Two fish - the Atlantic sturgeon and the river herring - have been invoked to threaten the relicensing of a nuclear power plant in Plymouth, Massachusetts.
The Pilgrim Nuclear Power Station, the only operating commercial nuclear power plant in Massachusetts, is a 688 MW boiling water nuclear reactor owned by Entergy. Originally commissioned in 1972 by utility Boston Edison, its original license had the maximum 40-year term allowed under the Atomic Energy Act. That license is due to expire on June 8, 2012.
Entergy applied to the Nuclear Regulatory Commission for a license renewal, seeking the 20 year term allowed for relicensing. That case remains pending. Stakeholders have raised a number of concerns about the plant's relicensing. For example, Pilgrim Station is built around a General Electric Mark I reactor, the same type and design as used in the ill-fated Fukushima I Nuclear Power Plant; like Fukushima, the Plymouth plant is located on the coast. While the Pilgrim plant was designed to handle anticipated natural disasters, some believe the U.S. nuclear industry should be reevaluated in light of the Fukushima incident.
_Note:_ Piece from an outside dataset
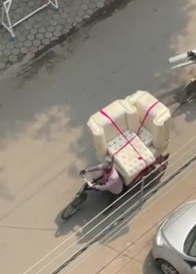 The video presents an aerial view of a street scene. An older man is riding a bicycle with a large, white, cushioned armchair strapped to the back. The armchair is secured with red straps. Following behind him is another man on a similar bicycle-cart configuration, transporting long, silver pipes and other materials on his cart. The street is paved and has painted lane markings. There are parked cars visible along the sides of the street, including a silver hatchback and a larger, dark-colored SUV. Power lines run overhead. A small, white soccer goal is positioned on the sidewalk. The scene is brightly lit, indicating a sunny day.

Now, U.S. Congressman Ed Markey of Massachusetts has sent a letter to NRC Chairman Gregory Jaczko requesting that the NRC not re-license Pilgrim Station "until all legal requirements stipulated by the Endangered Species Act (ESA) have been met." Specifically, Congressman Markey notes that two threatened fish species - the Atlantic sturgeon and the river herring - inhabit the waters near the plant but were not considered in a key assessment of threatened or endangered species likely to be affected by relicensure. His letter also notes that the National Marine Fisheries Service has not yet issued a written biological opinion proposing a plan to protect threatened or endangered species, nor has the NMFS issued a written concurrence with the NRC's biological opinion.
These species were known to live in the area in 2007 when the NRC wrote its biological assessment, but were not designated as threatened at that time. NMFS designated the Gulf of Maine distinct population segment of Atlantic Sturgeon as threatened in February 2012, and two species of river herring are currently candidates for listing.
Based on these newly designated statuses, Congressman Markey asked NRC not to re-license the Pilgrim project until after the development of a new biological assessment to include the sturgeon and herring, along with any conditions needed to protect those species.